Immune mechanisms in the progression of nonalcoholic fatty liver disease (NAFLD)
Università degli studi di Novara
Dept of health sciences, University of East Piedmont, via Solaroli 17 28100 Novara, Italy
Prof Emanuele Albano
Prof Emanuele Albano
English, Italian
4 weeks
Cities/Months Jan Feb Mar Apr May Jun Jul Augt Sep Oct Nov Dec
No Yes Yes No No No No No No Yes Yes No
Type of Research Project
- Basic science
What is the background of the project?
NAFLD is in this moment the most frequent hepatic lesion word wide accounting for 25% of the general population in relation to the spreading of obesity. In about 20-30% of NAFLD patients the disease can progress to nonalcoholic steato-hepatitis (NASH) in which hepatocellular damage and intralobular inflammation lead to the development of fibrosis/cirrhosis as well as of hepatocellular carcinoma. Hepatic inflammation is presently considered the driving force in NAFLD evolution. However, the mechanisms responsible for maintaining chronic liver inflammation in NAFLD are still incompletely understood. Despite the major health impact of progressive NAFLD, we still lack validated strategies to predict the individual risk of NAFLD progression as well as of effective treatments. The characterization of the inflammatory mechanisms is critical since it can provide the key to identify the patients at risk of disease progression and provide the background to develop effective therapies.

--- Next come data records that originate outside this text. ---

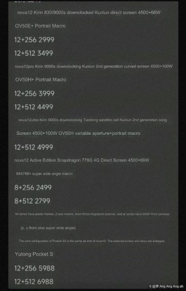 For budget-conscious users, there’s also a Lite (Vitality) model in the Nova 12 series. Reportedly, it offers a Snapdragon 778G 4G processor, a 4500mAh battery with 66W charging, and an IMX766 main camera with a wide-angle setup. This affordable option is rumored to come in at 2499 yuan and 2799 yuan for the 8/256GB and 8/512GB versions respectively.
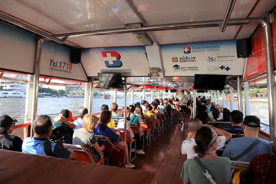 チャオプラヤ川のクルーズ船はいくつも種類があります。食事しながら景色を楽しむもの、乗り降り自由の観光船など。その中で、このエクスプレスボートは、現地の人が普通に使っている船。もちろん観光客も乗れます。サトーン桟橋からワットアルンまで乗りましたが、途中数か所によって、15分、約50円。船の行き先(種類)は3つありましたが、チケット売り場にある地図で、ワットアルンを指さしたら、ここに並んで次の船、と身振りで教えてくれました。
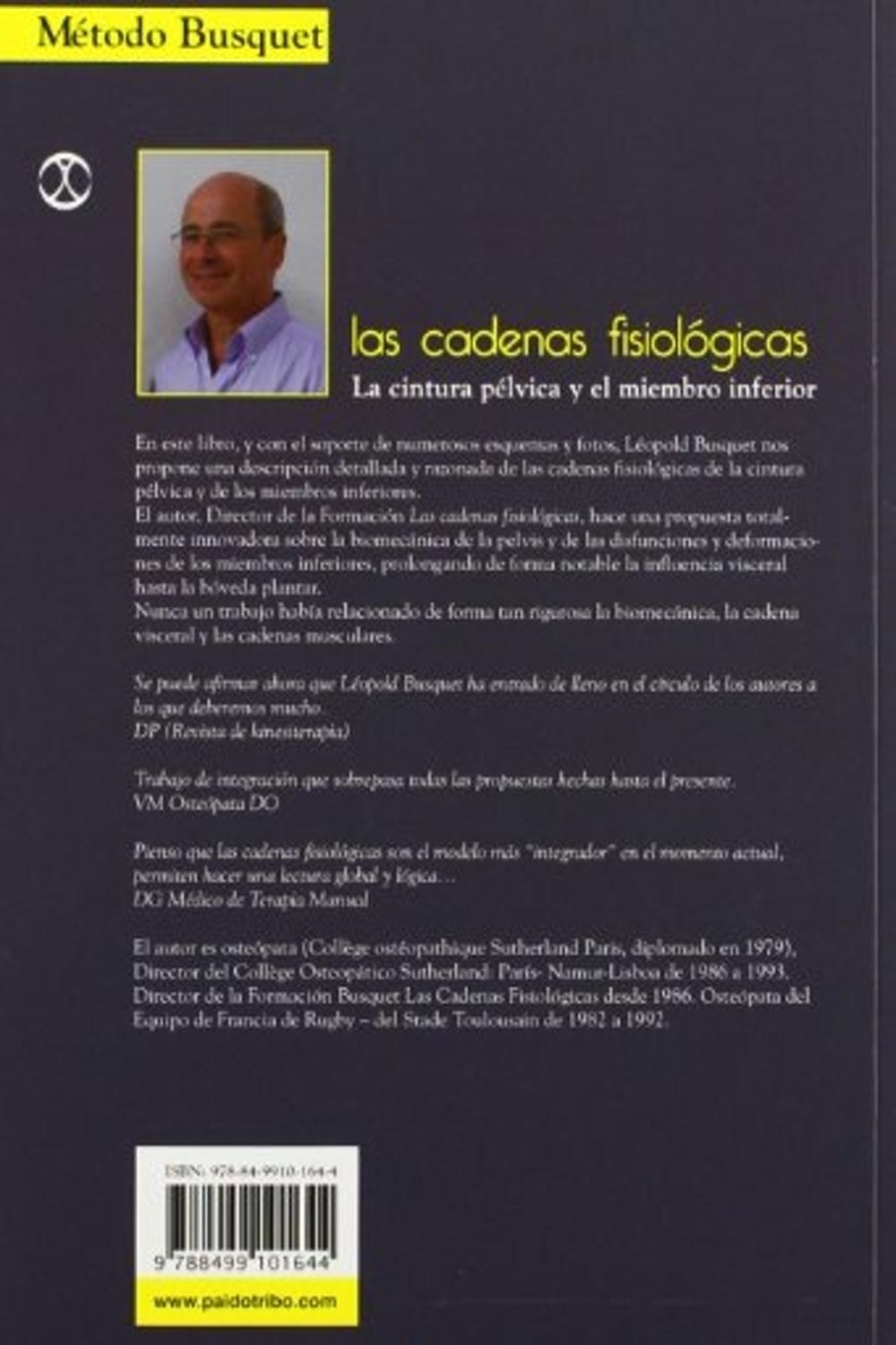 Descripción: En este libro, y con el soporte de numerosos esquemas y fotos, léopold busquet nos propone una descripción detallada y razonada de las cadenas fisiológicas de la cintura pélvica y de los miembros inferiores.brel autor, director de la formación las cadenas fisiológicas, hace una propuesta totalmente innovadora sobre la biomecánica de la pelvis y de las disfunciones y deformaciones de los miembros inferiores, prolongando de forma notable la influencia visceral hasta la bóveda plantar.brnunca un trabajo había relacionado de forma tan rigurosa la biomecánica, la cadena visceral y las cadenas musculares.brse puede afirmar ahora que léopold busquet ha entrado de lleno en el círculo de los autores a los que deberemos mucho.brdp (revista de kinesiterapia)br trabajo de integración que sobrepasa todas las propuestas hechas hasta el presente.brvm osteópata dobrpienso que las cadenas fisiológicas son el odelo más “integrador” en el momento actual, permiten hacer una lectura global y lógica...brdg médico de terapia manualbrel autor es osteópata (collège ostéopathique sutherland paris, diplomado en 1979), director del collège osteopático sutherland: parís- namur-lisboa de 1986 a 1993.director de la formación busquet las cadenas fisiológicas desde 1986. osteópata del equipo de francia de rugby-del stade toulousain de 1982 a 1992.
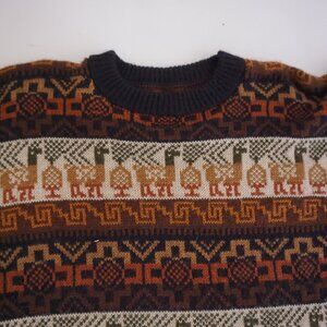 Vintage Black Brown Aztec Biggie Cosby Eclectic Grandpa Knit Crewneck Sweater XL
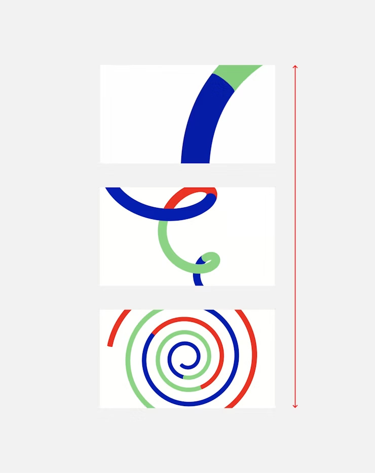 整个品牌视觉系统并不依赖单一符号,而是由两种结构共同构成:螺旋与线性条形。

What is the aim of the project?
The project aim to investigate the role of adaptive immunity in sustaining chronic inflamamtion in NAFLD with special reference to the analysis of celluler interaction between lymphocytes and macrophages
What techniques and methods are used?
The student can experience liver cell isolation and culture, immunohistochemical and RT-PCR (reverse transcriptase-polymerase chain reaction) detection of inflammatory markers in liver cells and flow cytometry analysis of different liver myeloid cells. The laboratory can also provide the possibility to perform immunoassay of cytokines, cell transfection experiments and animal genotyping.
What is the role of the student?
- The student will observe the practical experiments but will be highly involved in the analysis of the results
- If the project includes “lab work”
- the student will take active part in the practical aspect of the project
- The tasks will be done under supervision
What are the tasks expected to be accomplished by the student?
Learn about the methods used in the laboratory, take part to the analytical procedures, actively participate to data analysis and the discussion of the results. The student will be involved in all the processes that lead to data acquisition to their interpretation in order to have full immersion in who scientific data are generated and add on the available information of specific topics. We expect that the students will be able to actively interacts with the people in the lab and understand how biomedical research can impact on clinical medicine.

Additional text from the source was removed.